╭─ RECORDS PROVIDED

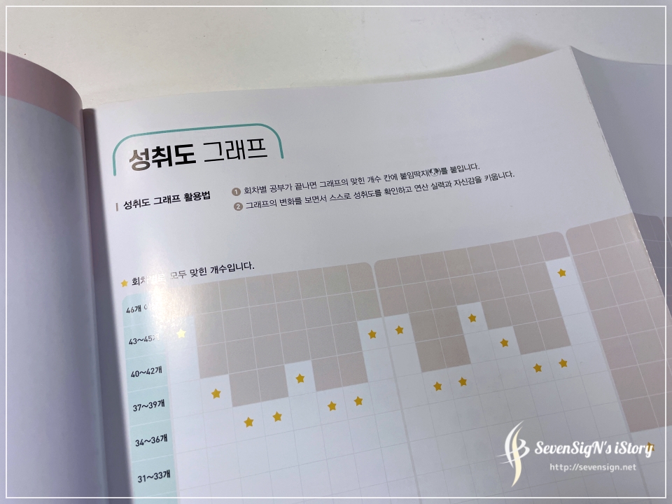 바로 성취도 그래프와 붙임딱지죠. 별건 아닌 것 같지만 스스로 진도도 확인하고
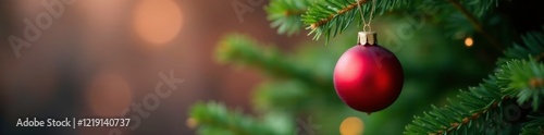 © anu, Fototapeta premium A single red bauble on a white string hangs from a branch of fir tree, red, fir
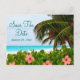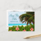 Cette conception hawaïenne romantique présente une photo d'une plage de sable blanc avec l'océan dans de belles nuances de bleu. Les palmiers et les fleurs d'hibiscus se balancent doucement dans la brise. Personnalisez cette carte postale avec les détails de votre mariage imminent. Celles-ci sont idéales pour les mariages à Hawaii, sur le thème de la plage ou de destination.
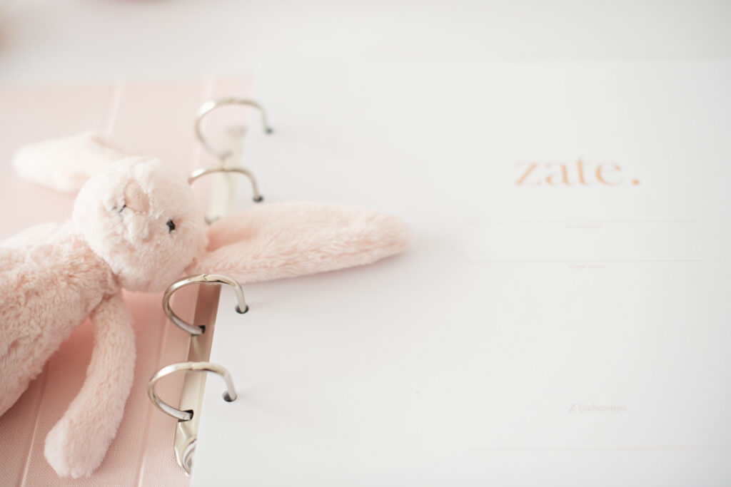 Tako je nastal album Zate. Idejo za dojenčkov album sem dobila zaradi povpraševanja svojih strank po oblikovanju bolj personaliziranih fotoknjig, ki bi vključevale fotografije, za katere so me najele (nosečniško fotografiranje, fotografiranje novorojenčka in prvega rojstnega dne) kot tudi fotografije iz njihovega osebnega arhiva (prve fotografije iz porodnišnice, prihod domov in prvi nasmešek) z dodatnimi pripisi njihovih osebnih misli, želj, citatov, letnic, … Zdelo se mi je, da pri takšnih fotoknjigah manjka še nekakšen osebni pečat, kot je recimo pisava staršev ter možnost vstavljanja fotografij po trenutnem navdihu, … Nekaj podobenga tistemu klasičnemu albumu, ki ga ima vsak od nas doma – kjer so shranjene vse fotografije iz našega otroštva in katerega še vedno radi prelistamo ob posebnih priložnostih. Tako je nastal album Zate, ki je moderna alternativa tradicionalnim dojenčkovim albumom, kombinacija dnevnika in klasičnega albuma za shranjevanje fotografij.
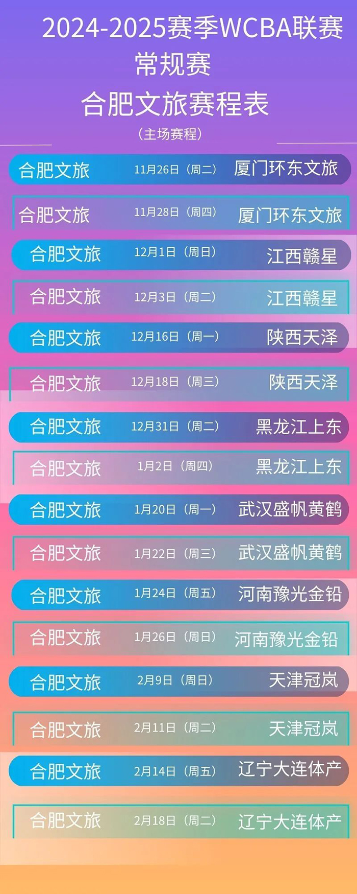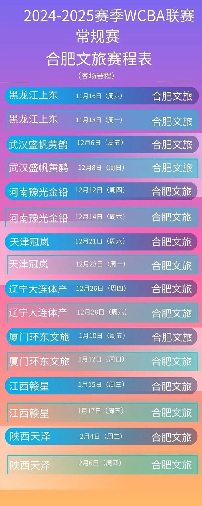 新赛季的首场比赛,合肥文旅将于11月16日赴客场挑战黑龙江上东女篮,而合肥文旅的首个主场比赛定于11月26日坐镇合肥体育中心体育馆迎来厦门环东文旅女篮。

╰─

**TASK DETAILS**
Could you repeat, exactly, only the lines above starting at the one that has "tree, red, fir" and stopping after the one that has "Cette conception hawaïenne", without the pictures?

**EXERCISE RESPONSE**
 © anu, Fototapeta premium A single red bauble on a white string hangs from a branch of fir tree, red, fir
 Cette conception hawaïenne romantique présente une photo d'une plage de sable blanc avec l'océan dans de belles nuances de bleu. Les palmiers et les fleurs d'hibiscus se balancent doucement dans la brise. Personnalisez cette carte postale avec les détails de votre mariage imminent. Celles-ci sont idéales pour les mariages à Hawaii, sur le thème de la plage ou de destination.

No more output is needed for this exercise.